Segment Start: RECORDS SHOWN
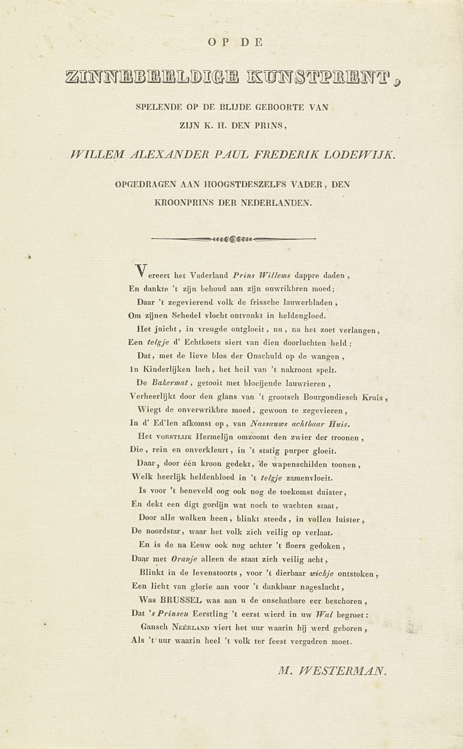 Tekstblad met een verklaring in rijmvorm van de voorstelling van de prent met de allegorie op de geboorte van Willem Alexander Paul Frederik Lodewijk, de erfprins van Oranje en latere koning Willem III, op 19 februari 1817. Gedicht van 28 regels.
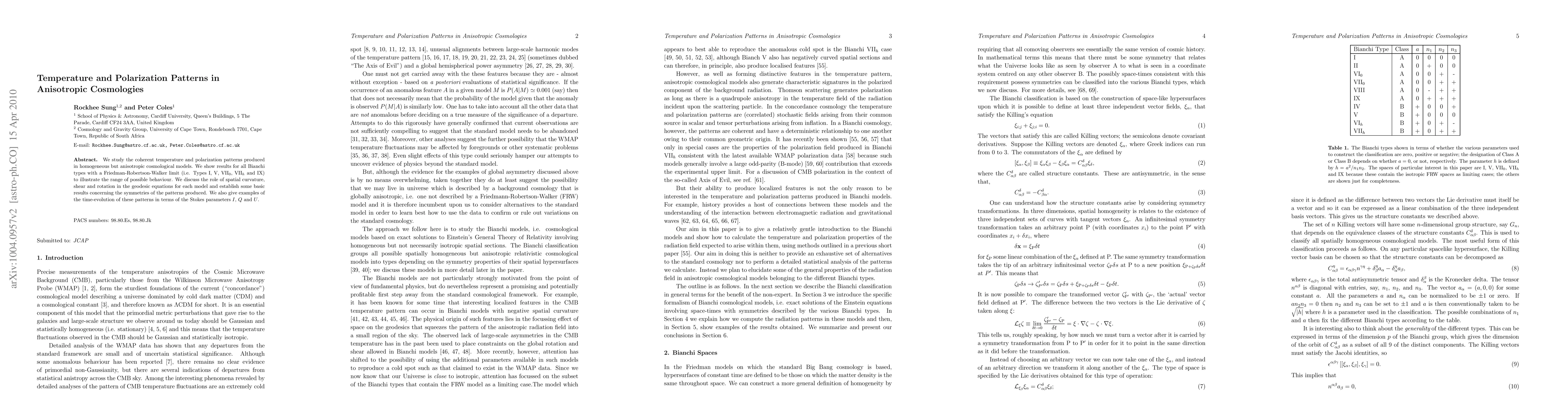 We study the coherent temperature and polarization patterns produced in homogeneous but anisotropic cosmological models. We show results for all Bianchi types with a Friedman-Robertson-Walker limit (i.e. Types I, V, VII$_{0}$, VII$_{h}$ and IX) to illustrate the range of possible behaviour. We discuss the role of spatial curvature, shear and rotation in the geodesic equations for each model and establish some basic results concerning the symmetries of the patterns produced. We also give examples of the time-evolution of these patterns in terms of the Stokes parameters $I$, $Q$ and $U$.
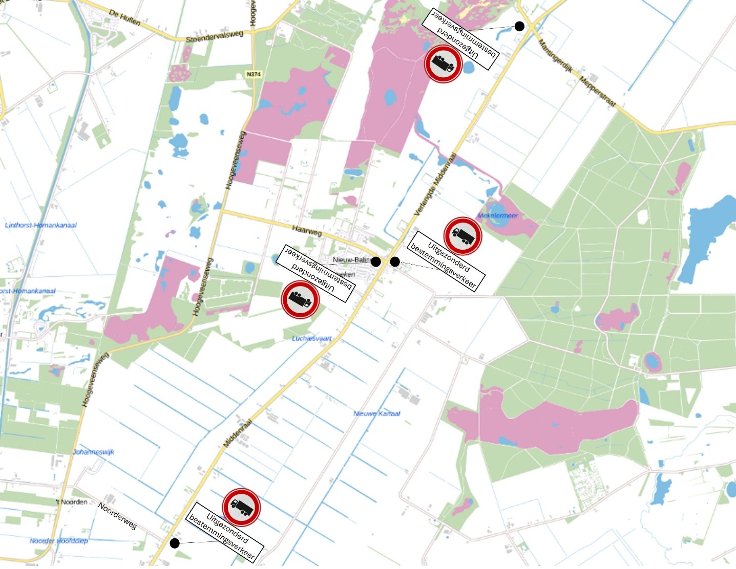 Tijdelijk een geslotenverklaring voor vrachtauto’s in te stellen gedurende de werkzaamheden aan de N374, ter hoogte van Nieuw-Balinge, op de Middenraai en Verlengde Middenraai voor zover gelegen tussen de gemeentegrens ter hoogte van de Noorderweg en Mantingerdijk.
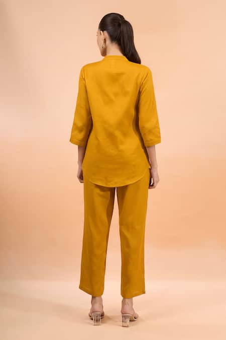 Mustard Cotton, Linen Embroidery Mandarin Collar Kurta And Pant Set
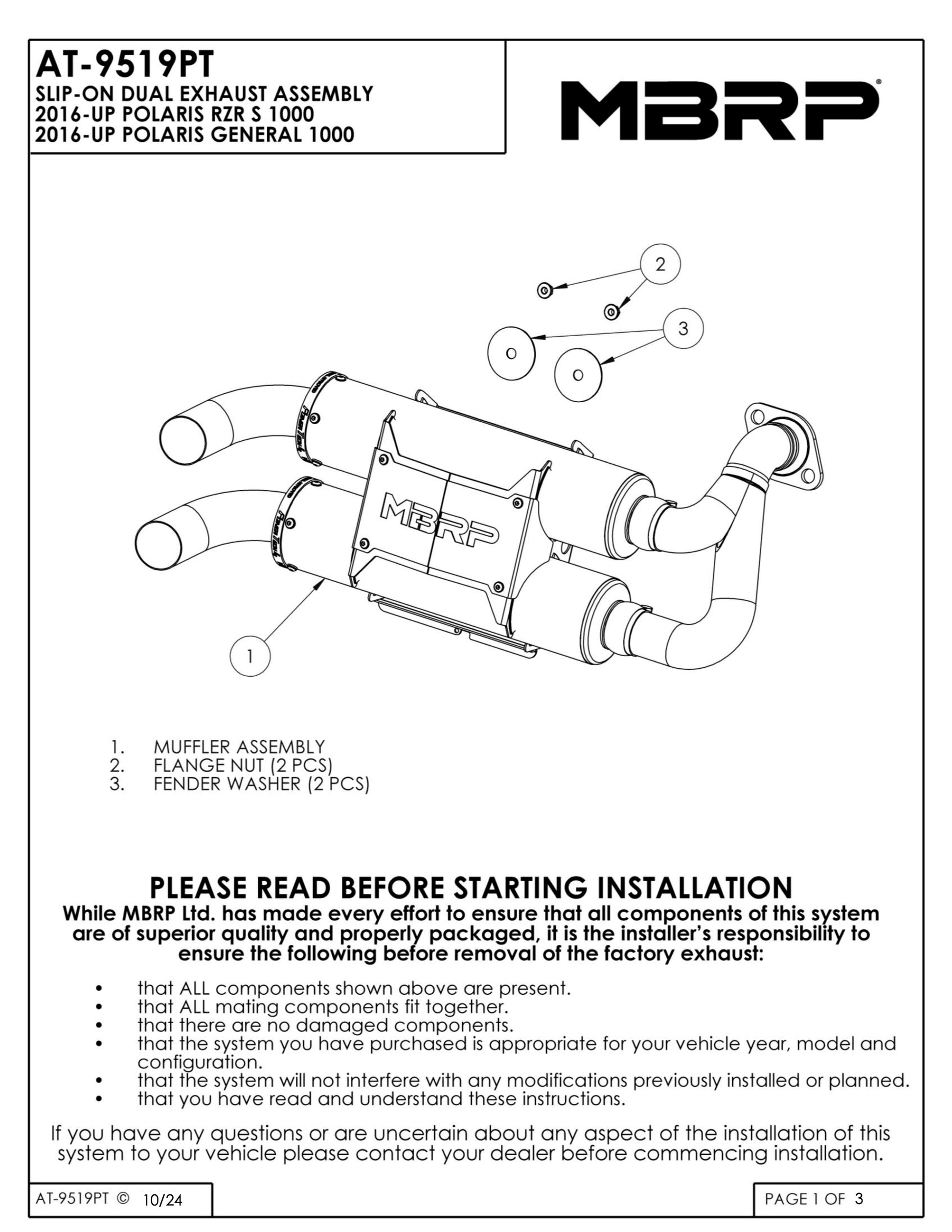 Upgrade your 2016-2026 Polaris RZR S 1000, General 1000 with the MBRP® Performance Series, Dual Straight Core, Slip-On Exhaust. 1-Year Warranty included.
Segment End: RECORDS SHOWN
Segment Start: RECORDS SHOWN
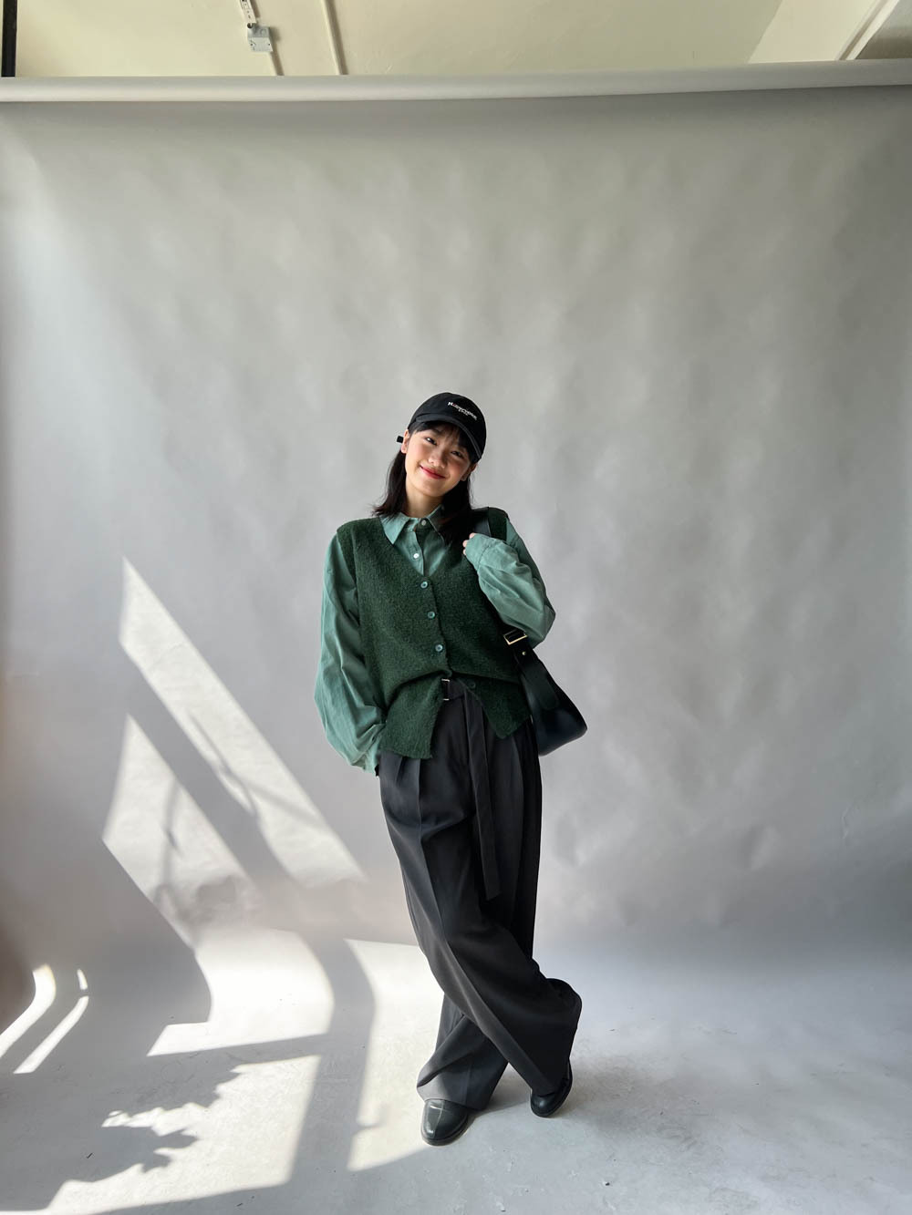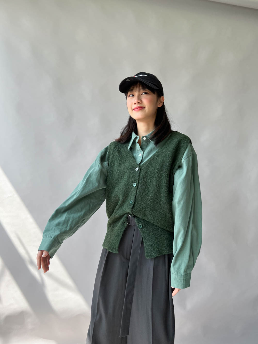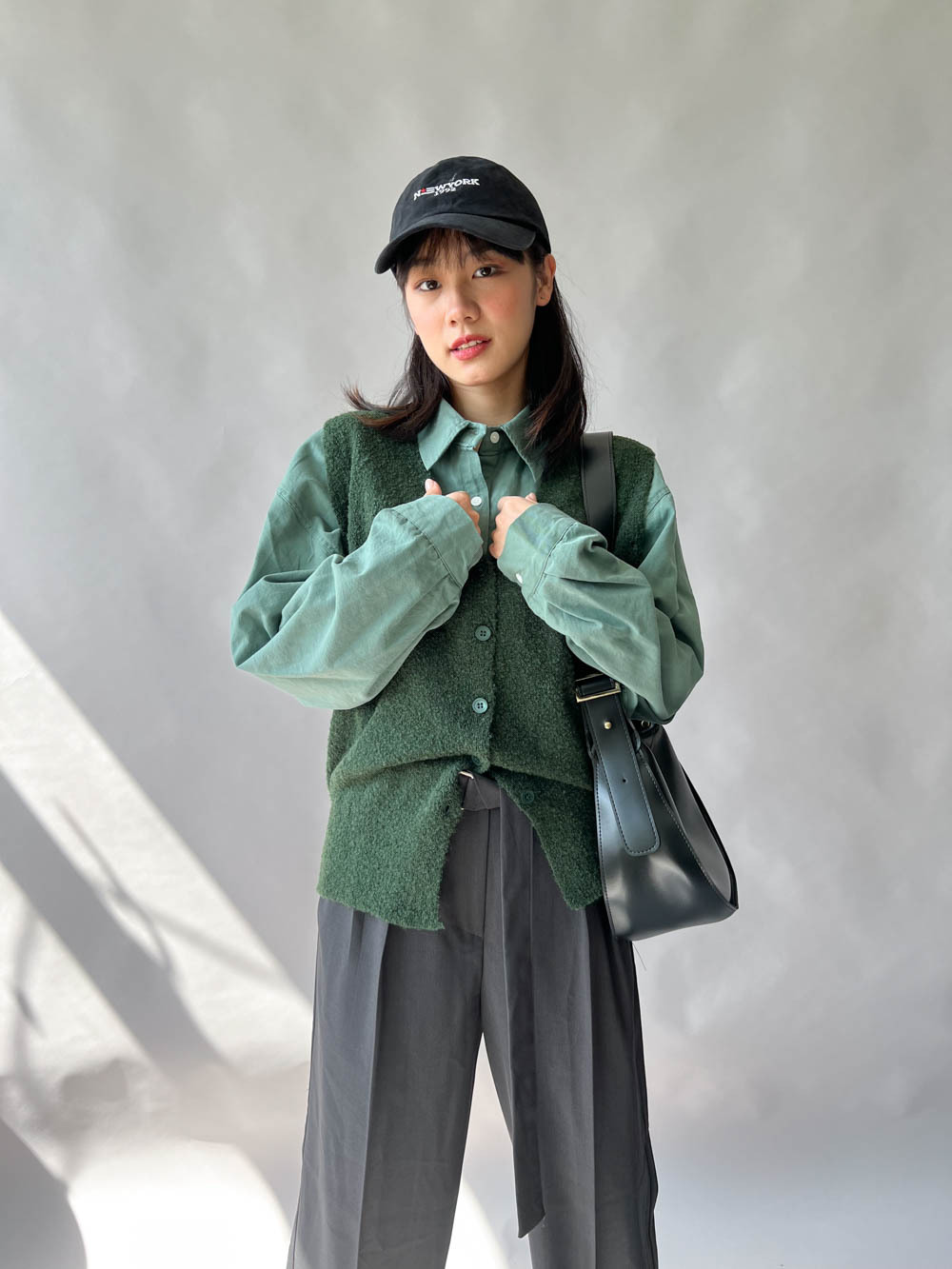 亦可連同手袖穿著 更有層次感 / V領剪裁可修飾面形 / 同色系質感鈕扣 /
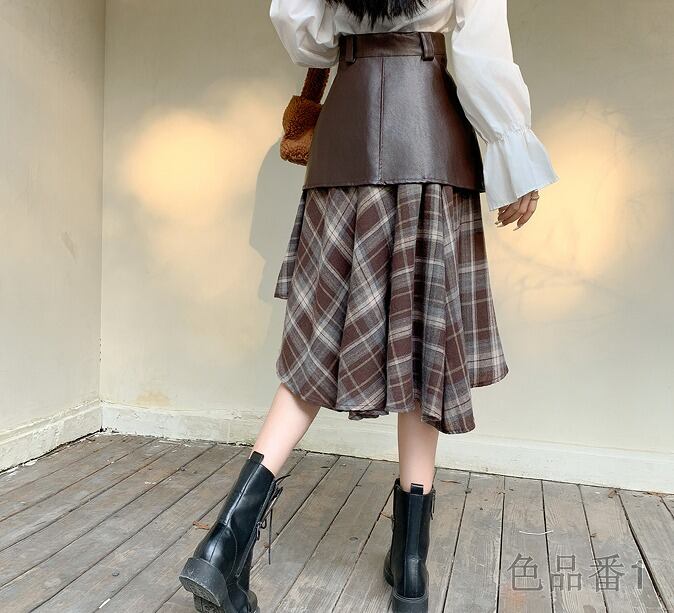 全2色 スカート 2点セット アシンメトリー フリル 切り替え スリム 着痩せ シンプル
Segment End: RECORDS SHOWN
Segment Start: RECORDS SHOWN
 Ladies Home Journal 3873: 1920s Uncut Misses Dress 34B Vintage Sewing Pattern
Segment End: RECORDS SHOWN
▸ WORK TO COMPLETE
Given the entries above, transcribe exactly the lines from the one holding "Mustard Cotton, Linen" through the one holding "Upgrade your 2016-2026"; pictures do not belong in the transcription.

▸ PROBLEM SOLUTION
 Mustard Cotton, Linen Embroidery Mandarin Collar Kurta And Pant Set
 Upgrade your 2016-2026 Polaris RZR S 1000, General 1000 with the MBRP® Performance Series, Dual Straight Core, Slip-On Exhaust. 1-Year Warranty included.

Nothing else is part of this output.